She was a Fulbright scholar in 1990—1991 and visiting professor at the University of Pittsburgh (1996) and at the University of Vienna (2009/10). She was awarded the title of Ambassador of Science of the Republic of Slovenia in 1997.

==Academic service==
Ferligoj chaired the Statistical Society of Slovenia in 1982 – 1983.
She was the president of the Statistical Council of the Republic of Slovenia (2007–2021) and a member of the European Statistical Advisory Committee (ESAC) (2011–2015).

She was founding editor of the journal Advances in Methodology and Statistics (Metodološki zvezki) in 1987 – 2012.

== Awards and honours ==
Ferligoj twice received awards of Statistical Society of Slovenia – in 1997, and in 2012 (Marijan Blejec award).
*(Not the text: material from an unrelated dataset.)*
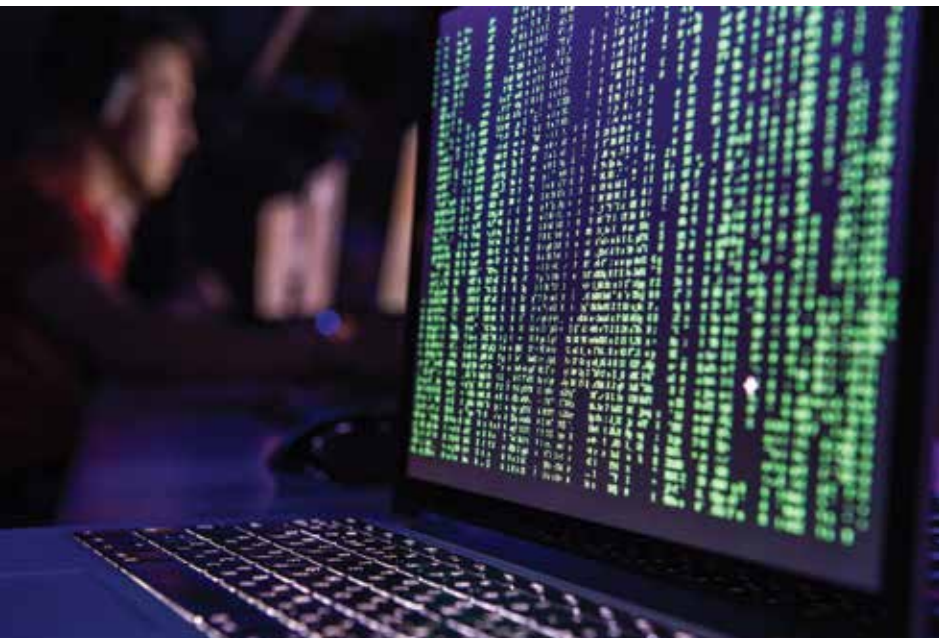
Kibernetinė ataka.

2017 m. JAV paviešino informaciją, kad APT28 / Sofacy 2016 m. įsilaužė į Demokratų partijos rinkimų štabo kompiuterius, taip pat atakavo JAV kompaniją, gaminančią rinkimų balsų skaičiavimo techninę ir programinę įrangą. Grupuotė taip pat įtariama 2017 m. nutekinusi tuometinio kandidato į Prancūzijos prezidentus Emmanuelio Macrono rinkimų kampanijos personalo elektroninius laiškus ir 2017 m. birželį bandžiusi trikdyti Juodkalnijos įstojimo į NATO procesą. Tikėtina, kad

The book Generalized Blockmodeling that she coauthored received Harrison White Outstanding Book Award by Mathematical Sociology Section of the American Sociological Association in 2007. Jointly with Vladimir Batagelj, she received Simmel award from the International Network for Social Network Analysis.

In 2007 and 2008, students at the Faculty of Social Science chose her as the best professor. She received Doctor et Professor Honoris Causa at Eötvös Loránd University in Budapest in 2010, and Golden Plaque of University of Ljubljana in 2012.

She is an elected member of the European Academy of Sociology and International Statistical Institute.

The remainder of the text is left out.